Ok so I've had a common pleco. in my community tank for approx. 3 months now. I got him because I had a brown algae issue which he cleaned up nicely.

I thought he was a shy, docile creature since I've only seen him on rare occasions after lights are out and he always ducked back into his slate cave when we would put our face up to the tank to say hello.

Until yesterday....

My fish tank erupted with insane activity all of a sudden. My pleco had come out and was zooming around the tank which completely freaked out all of the other fish. He was moving so fast I couldn't even tell if he was actually chasing any other fish or just randomly darting around.

After that, all back to normal. He's hanging out in his cave and as far as I know, hasn't bothered the rest of the tank since.

Has anyone experienced this too? I'm wondering if this is the start of aggressiveness or is he just a nutcase??

Puzzled by this behavior. Sorry for rambling :0


----------



## DragonFish (Mar 31, 2009)

Hmm.....never had any issues with my Common attacking my fish, had him for probably over two years....he is very skittish though and will indeed freak if I approach the tank when he's out. I've never seen him do it randomly though, only when he's out and I come up to the tank....
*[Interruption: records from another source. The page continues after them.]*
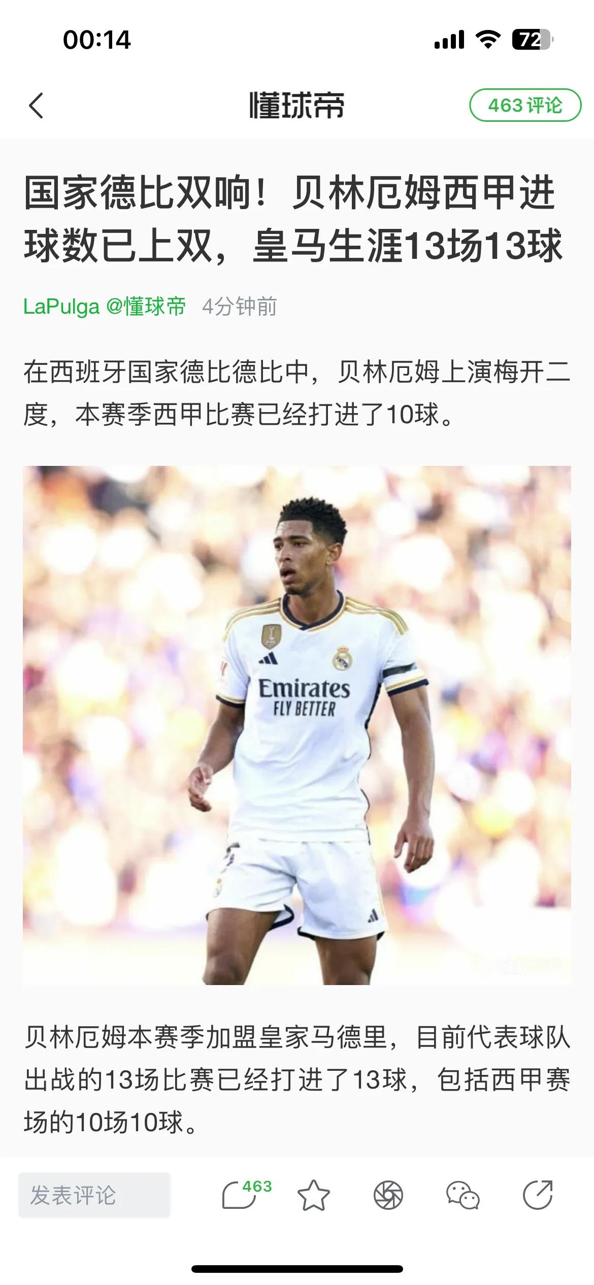 皇马新国王登基!贝林厄姆太强了,强到爆炸啊!在西班牙国家德比中梅开二度+绝杀的完美表现,宣告贝林厄姆正式成为未来金球奖大热人选!加盟皇马之后13场13球,皇马几乎成为贝林厄姆一个人的球队!梅罗老去之后,以后足坛并不是哈兰德大战姆巴佩的双雄争霸,贝林厄姆将会和他们开展三国大战!就本赛季的表现来说,贝林厄姆甚至要明显超过他们!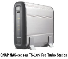 Многофункциональный NAS-сервер TS-109 Pro Turbo Station от QNAP для рынка SOHO поддерживает высокопроизводительные диски SATA общей емкостью до 1 Тбайта и возможность расширения до 2 Тбайт за счет подключения внешних высокоскоростных винчестеров eSATA или USB 2.0. Сервер отличается бесшумной работой и низким энергопотреблением — всего 14,4 Вт. С его помощью пользователь может сконфигурировать сетевую систему для любых задач хранения, не прибегая к помощи системного администратора. Поддерживаемый набор функций включает файловый сервер, ftp-сервер, принт-сервер и т.д.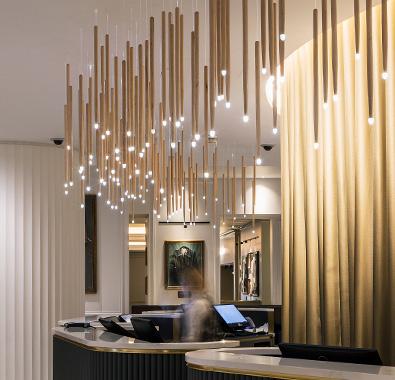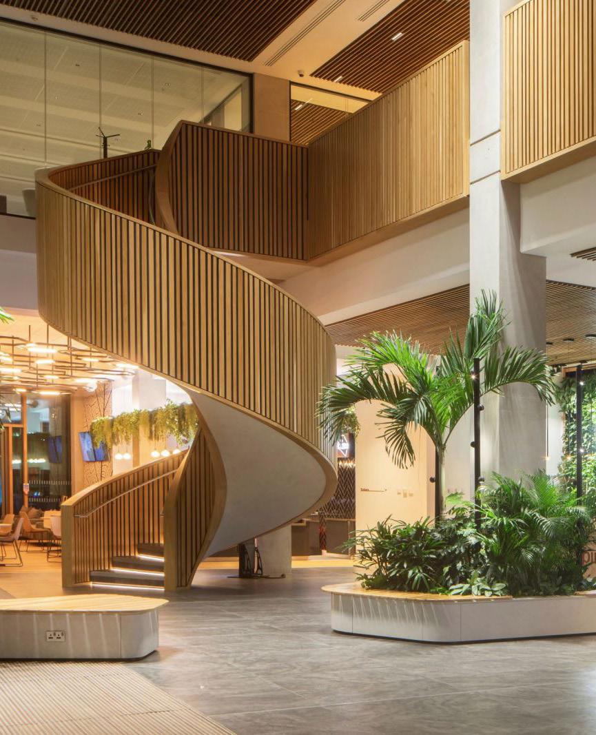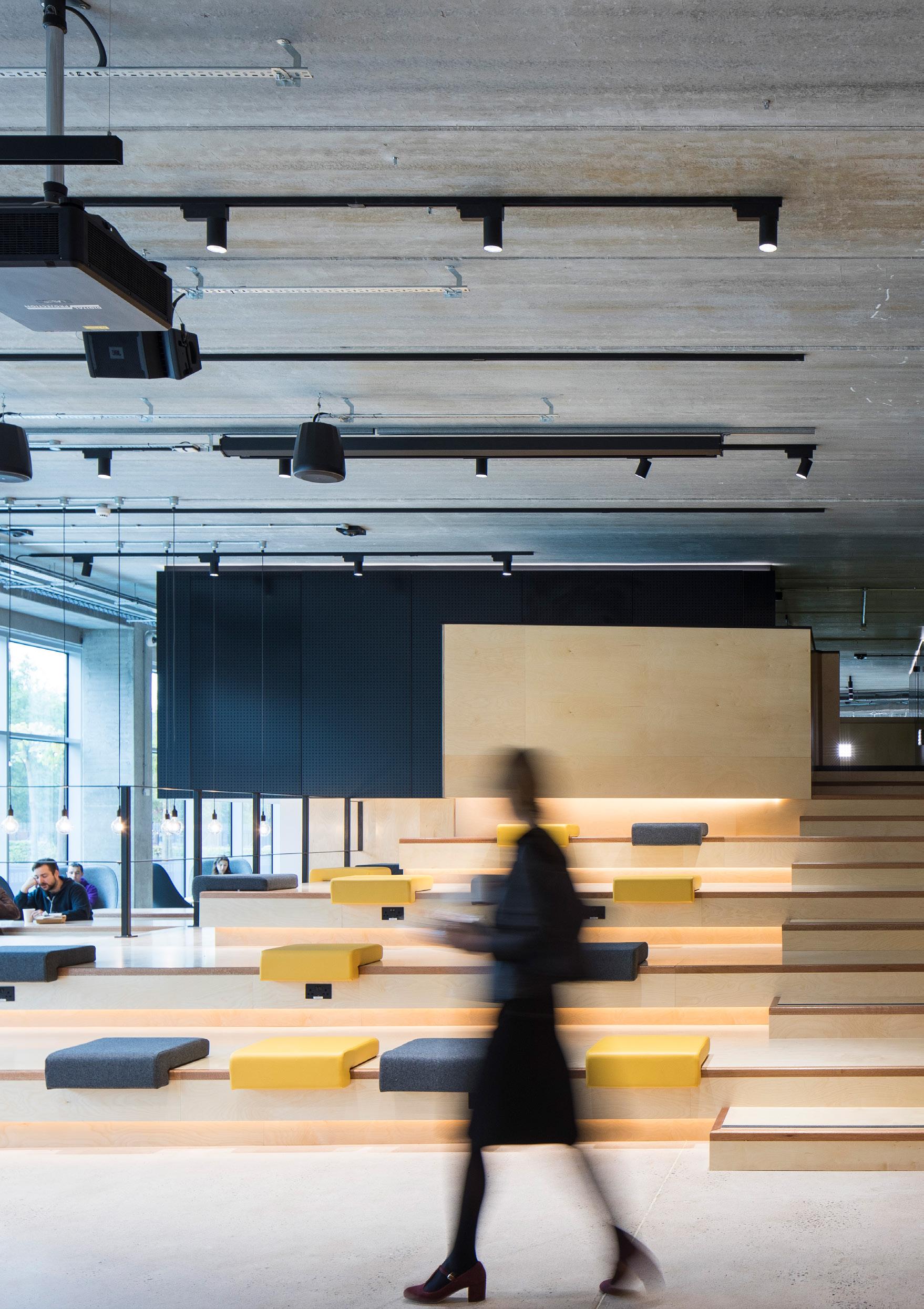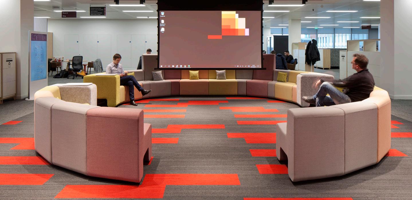 PwC’s Manchester office spreads across four floors of the One Spinningfields building and provides collaborative workspace, flexible meeting pods, a feature staircase with ‘Spanish steps’ style seating, a café and three roof terraces. A strong Manchester identity is conveyed throughout, with its topography, industrial heritage and bee symbolism inspiring the aesthetic.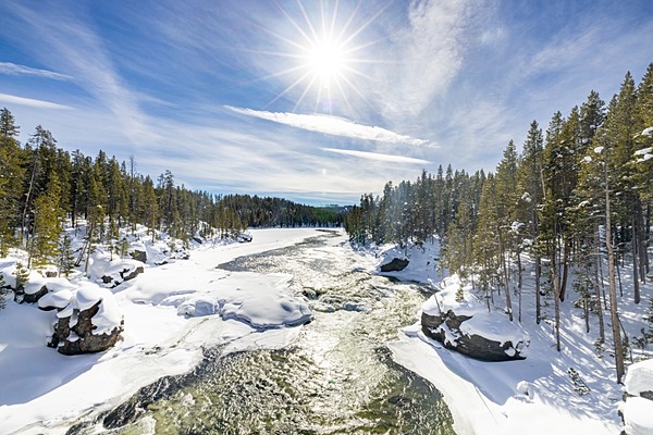 Yellowstone River’s rapid upstream from the Chittenden Bridge in winter, Jacob W. Frank (NPS) two photographs above.

Just my personal experience, not a Pleco person, anyone else? xD


----------



## Herky (Apr 23, 2009)

The only time I ever see mine is if there's brine shrimp or bloodworms on the bottom of the tank...then he's like a little vacuum cleaner. The rest of the time....hiding.


----------



## Guppyluver4ever (May 19, 2009)

Maybe he just got a little scared


----------



## Romad (Jun 28, 2009)

Can't imagine what might have freaked him out. He's usually so mellow. Hopefully that was a one time spaz 

Thanks. Have a great day all.


----------